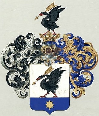 В серебряном щите черный лебедь с червлеными глазами, клювом и лапами держит в клюве золотую стрелу. В лазуревой оконечности щита золотая восьмиконечная звезда. Над щитом дворянский шлем с короной. Нашлемник: черный лебедь с червлеными глазами, клювом и лапами держит в клюве золотую стрелу. Намет: справа черный с серебром, слева лазуревый с золотом.
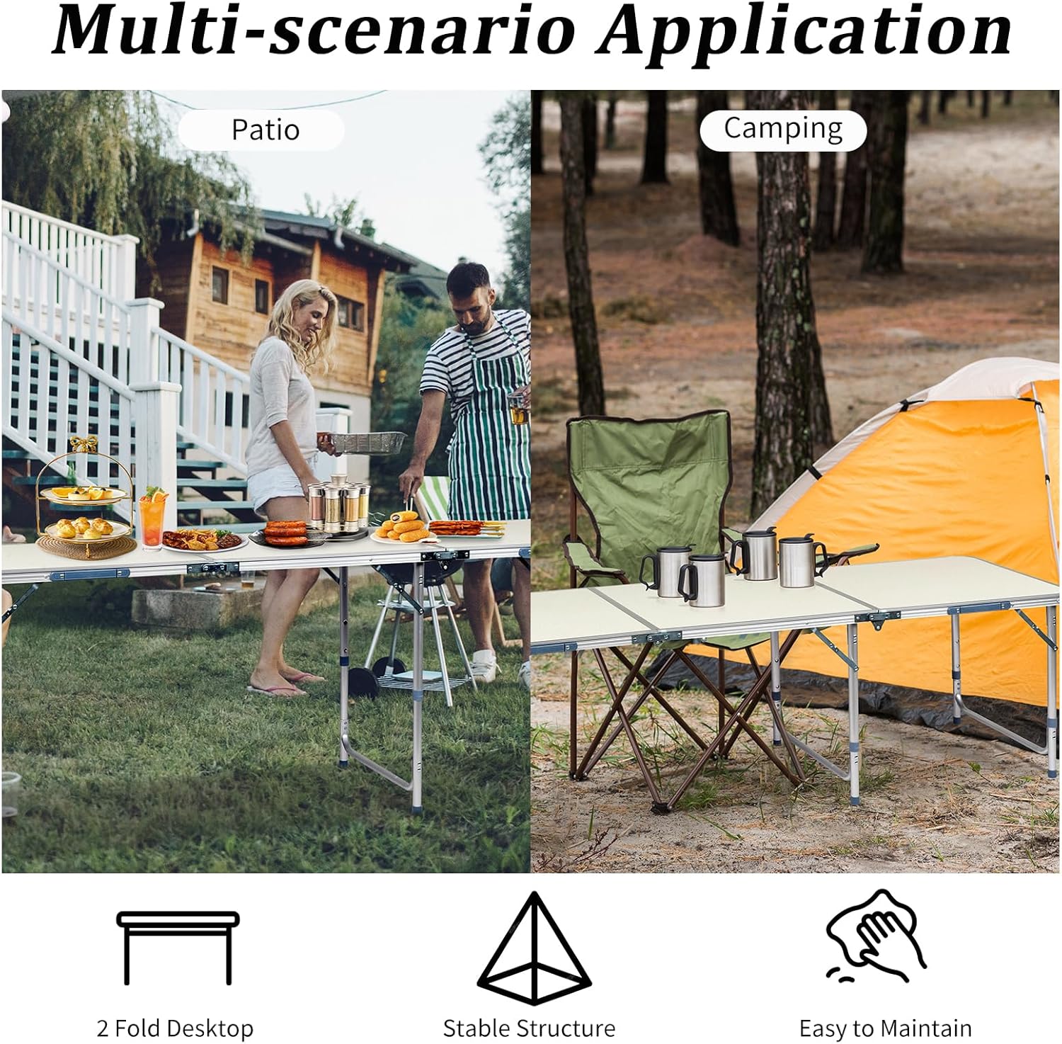 Outvita 6ft Portable Folding Camping Table, Outdoor Waterproof Adjustable Height Table, Aluminum Lightweight Suitcase Foldable Table for Picnic BBQ Beach Dining
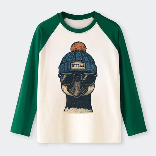 Ottawa Canadian Goose wearing Ottawa bea - Raglan Long Sleeve T-Shirt

= = =

What to work on: Transcribe all the material exactly; skip every image.

Output:
 В серебряном щите черный лебедь с червлеными глазами, клювом и лапами держит в клюве золотую стрелу. В лазуревой оконечности щита золотая восьмиконечная звезда. Над щитом дворянский шлем с короной. Нашлемник: черный лебедь с червлеными глазами, клювом и лапами держит в клюве золотую стрелу. Намет: справа черный с серебром, слева лазуревый с золотом.
 Outvita 6ft Portable Folding Camping Table, Outdoor Waterproof Adjustable Height Table, Aluminum Lightweight Suitcase Foldable Table for Picnic BBQ Beach Dining
 Ottawa Canadian Goose wearing Ottawa bea - Raglan Long Sleeve T-Shirt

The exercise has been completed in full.